– А это для вас, – сказал Жербер, выкладывая перед Франсуазой сигареты и шоколадные конфеты.
– О, спасибо! – молвила Франсуаза.
Улыбка, осветившая ее лицо, слегка напоминала те, которыми она так часто с нежностью одаривала Лабруса; на сердце у Жербера потеплело, бывали моменты, когда он чуть ли не верил, что Франсуаза испытывает к нему чувство; меж тем она не видела его довольно давно, о нем она не беспокоилась, беспокоилась она лишь о Лабрусе.
– Угощайтесь, – сказала Франсуаза, передавая пакетик по кругу.
Ксавьер сдержанно покачала головой.
– Не перед обедом, – возразил Пьер. – Ты испортишь себе аппетит.
Франсуаза откусила конфету, наверняка она в два счета покончит со всем пакетом, чудовищно, сколько сладостей она может поглотить, и ее не тошнит.
– Что вы будете пить? – спросил Лабрус.
– Перно, – отвечал Жербер.
– Почему вы пьете перно, хотя его не любите?
– Перно я не люблю, но люблю пить перно, – ответил Жербер.
– Узнаю вас, – со смехом сказала Франсуаза.
Снова наступило молчание; Жербер закурил трубку; склонившись над своим пустым стаканом, он медленно выдохнул дым.
– Вы умеете это делать? – с вызовом обратился он к Лабрусу.
Стакан наполнялся мутными, жирными завитками.
– Можно подумать, эктоплазма, – заметила Франсуаза.
– Надо лишь дуть тихонько, – пояснил Пьер. Он вдохнул дым своей трубки и, в свою очередь, старательно наклонился.
– Получилось хорошо, – снисходительно заметил Жербер. – Ваше здоровье.
Чокнувшись с Пьером, он залпом втянул дым.
– Ты гордишься собой, – с улыбкой обратилась Франсуаза к Пьеру, лицо которого блестело от удовольствия. Она с сожалением взглянула на пакет с конфетами, потом решительно положила его в свою сумку. – Знаете, если вы хотите, чтобы у нас хватило времени на еду, лучше всего поехать прямо сейчас.

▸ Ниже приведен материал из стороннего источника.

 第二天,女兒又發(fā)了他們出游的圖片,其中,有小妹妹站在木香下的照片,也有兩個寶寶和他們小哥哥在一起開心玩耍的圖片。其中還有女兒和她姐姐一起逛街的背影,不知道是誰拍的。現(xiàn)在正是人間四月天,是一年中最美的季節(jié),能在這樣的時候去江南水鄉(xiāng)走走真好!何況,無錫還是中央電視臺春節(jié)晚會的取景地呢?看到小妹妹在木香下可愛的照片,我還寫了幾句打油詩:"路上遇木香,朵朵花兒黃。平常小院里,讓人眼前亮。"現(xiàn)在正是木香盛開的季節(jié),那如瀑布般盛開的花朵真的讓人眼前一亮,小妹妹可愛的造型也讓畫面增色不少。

В который раз Жербер задавался вопросом, почему люди обычно находят ее суровой и робеют в ее присутствии; она не изображала из себя девочку, однако лицо ее светилось радостью, жизнью и хорошим аппетитом. Казалось, она всегда была в ладу с собой, поэтому рядом с ней и другие чувствовали себя вполне уютно.
Повернувшись к Пажес, Лабрус с тревогой посмотрел на нее.

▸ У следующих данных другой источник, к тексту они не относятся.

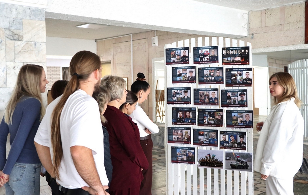 Посетители выставки получили возможность узнать о судьбах героев, участвовавших в специальной военной операции, изучить сведения об их воинских подвигах и полученных знаках отличия.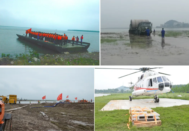 ????在搜救環(huán)節(jié),中船應(yīng)急搶險隊架設(shè)動力舟橋和硬質(zhì)機動路面進行道路搶通,保障重型裝備及人員進場;在內(nèi)澇搶排環(huán)節(jié),采用應(yīng)急泄流虹吸裝備和履帶式排澇機器人參與排澇搶險;在重大險情處置環(huán)節(jié),鋪設(shè)應(yīng)急直升機停機坪保障直升機起降,并實施潰口封堵作業(yè)。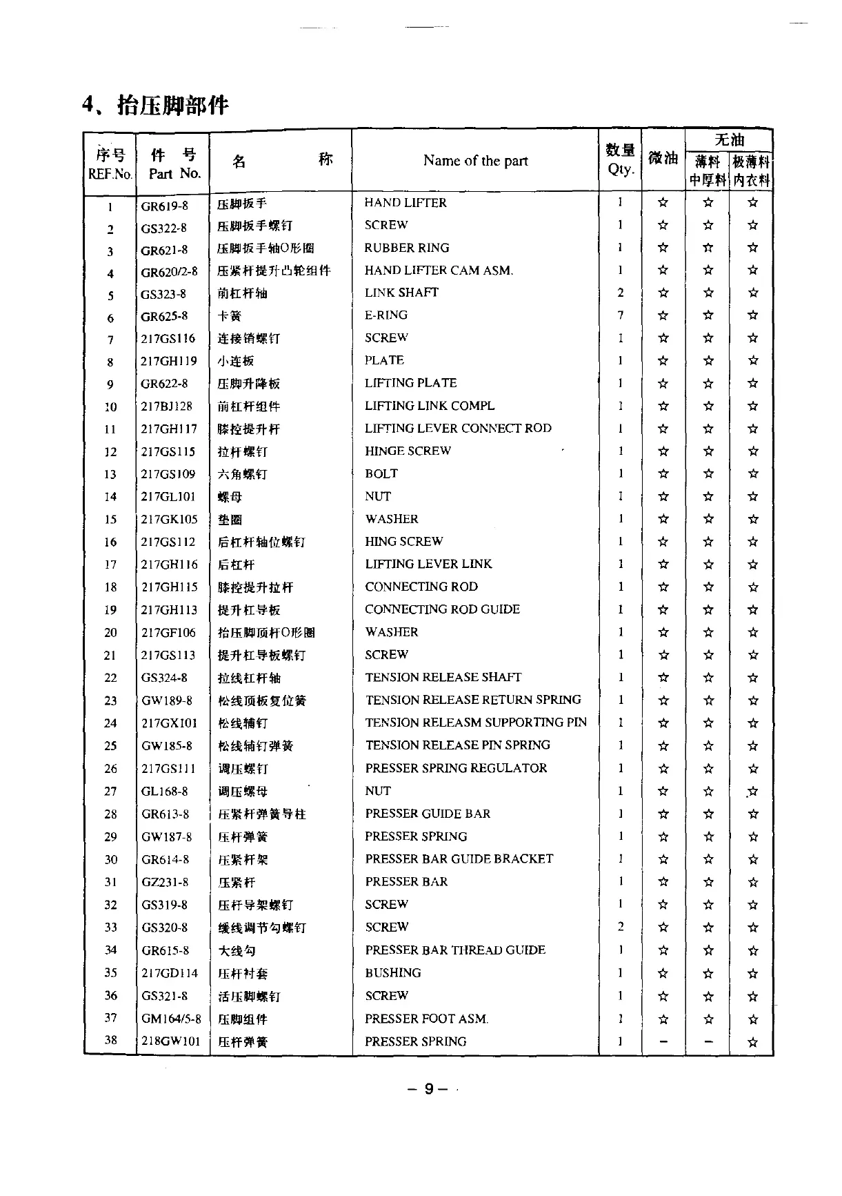 PRESSER BAR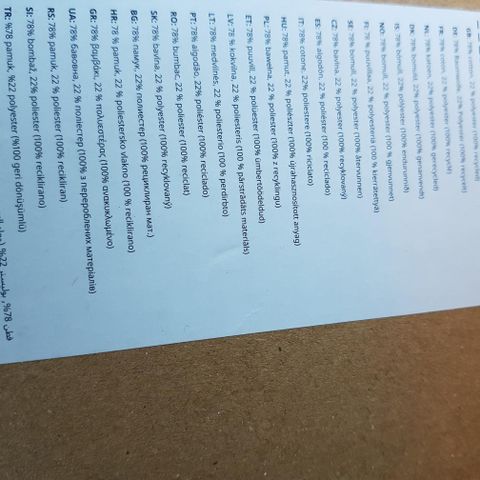 78 % puuvillaa, 22 % polyesteriä (väh. 90 % kierrätettyä)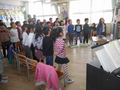 3年生は音楽を行い、3年生から始まったリコーダーの演奏や合唱などをしました。「山のポルカ」など、曲の感じを生かして演奏しました。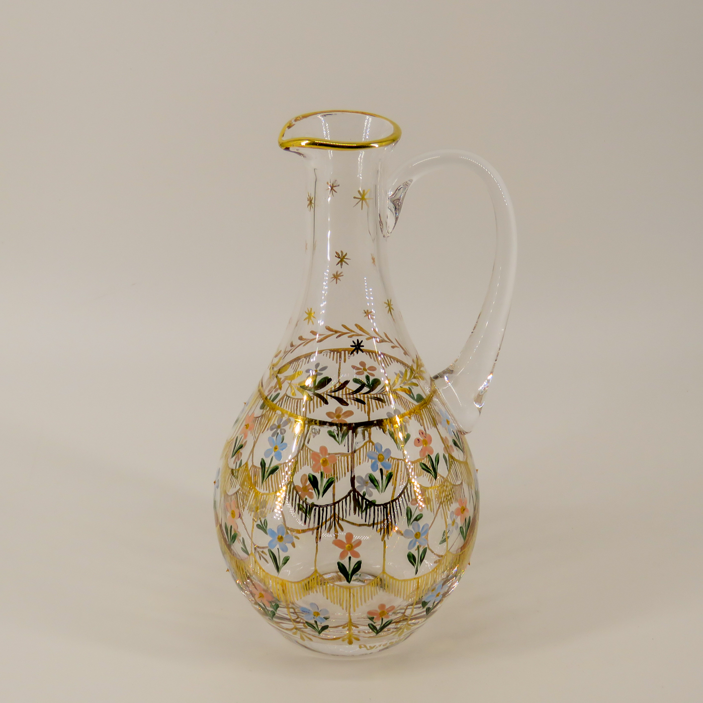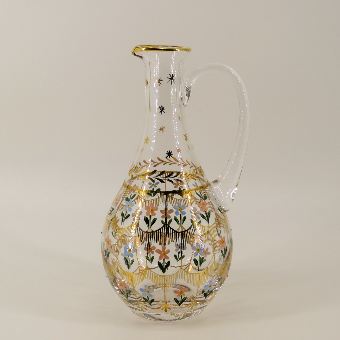 Altın Yaldız ve Emaye İşçiliği: Tasarımın çerçevesini oluşturan altın yaldız hatlar çekildikten sonra, özel cam boyalarıyla “Beykoz çiçekleri” tek tek işlenmiştir.

– Вы хорошо поняли? Вы возьмете такси и скажете шоферу: в «Аполло», улица Бланш. Он остановит вас у самого кинотеатра, и вам нужно будет только войти.

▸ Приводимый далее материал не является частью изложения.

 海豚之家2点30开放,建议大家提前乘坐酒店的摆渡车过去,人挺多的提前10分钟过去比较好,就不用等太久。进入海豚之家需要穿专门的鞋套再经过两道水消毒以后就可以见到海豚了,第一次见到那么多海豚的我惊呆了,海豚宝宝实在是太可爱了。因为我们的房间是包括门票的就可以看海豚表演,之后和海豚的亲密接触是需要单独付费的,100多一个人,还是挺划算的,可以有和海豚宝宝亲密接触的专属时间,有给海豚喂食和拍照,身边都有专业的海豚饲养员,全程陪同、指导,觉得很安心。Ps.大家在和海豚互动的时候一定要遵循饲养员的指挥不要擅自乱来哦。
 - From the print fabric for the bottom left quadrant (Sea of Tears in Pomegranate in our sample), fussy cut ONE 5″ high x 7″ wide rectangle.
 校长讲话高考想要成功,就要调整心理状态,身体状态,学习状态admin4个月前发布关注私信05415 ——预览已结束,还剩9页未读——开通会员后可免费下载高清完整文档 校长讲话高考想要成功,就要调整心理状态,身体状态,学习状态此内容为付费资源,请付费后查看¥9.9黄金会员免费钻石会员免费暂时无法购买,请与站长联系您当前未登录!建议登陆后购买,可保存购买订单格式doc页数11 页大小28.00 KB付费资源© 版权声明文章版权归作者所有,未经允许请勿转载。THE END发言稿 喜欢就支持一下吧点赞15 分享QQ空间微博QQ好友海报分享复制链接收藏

– Это действительно ковбойская история? – с недоверием спросила Пажес.
– Как нельзя более, – ответила Франсуаза, – там полно отчаянных скачек на лошадях.
– И выстрелов, и ужасных потасовок, – добавил Лабрус.
Они склонились над Пажес, как два демона-искусителя, и в их голосах звучали умоляющие интонации. Жербер сделал героическое усилие, чтобы подавить смех, готовый вот-вот прорваться. Он глотнул перно – каждый раз он надеялся, что каким-то чудом этот вкус аниса станет ему вдруг приятен, но его неизменно пронизывала тошнотворная дрожь.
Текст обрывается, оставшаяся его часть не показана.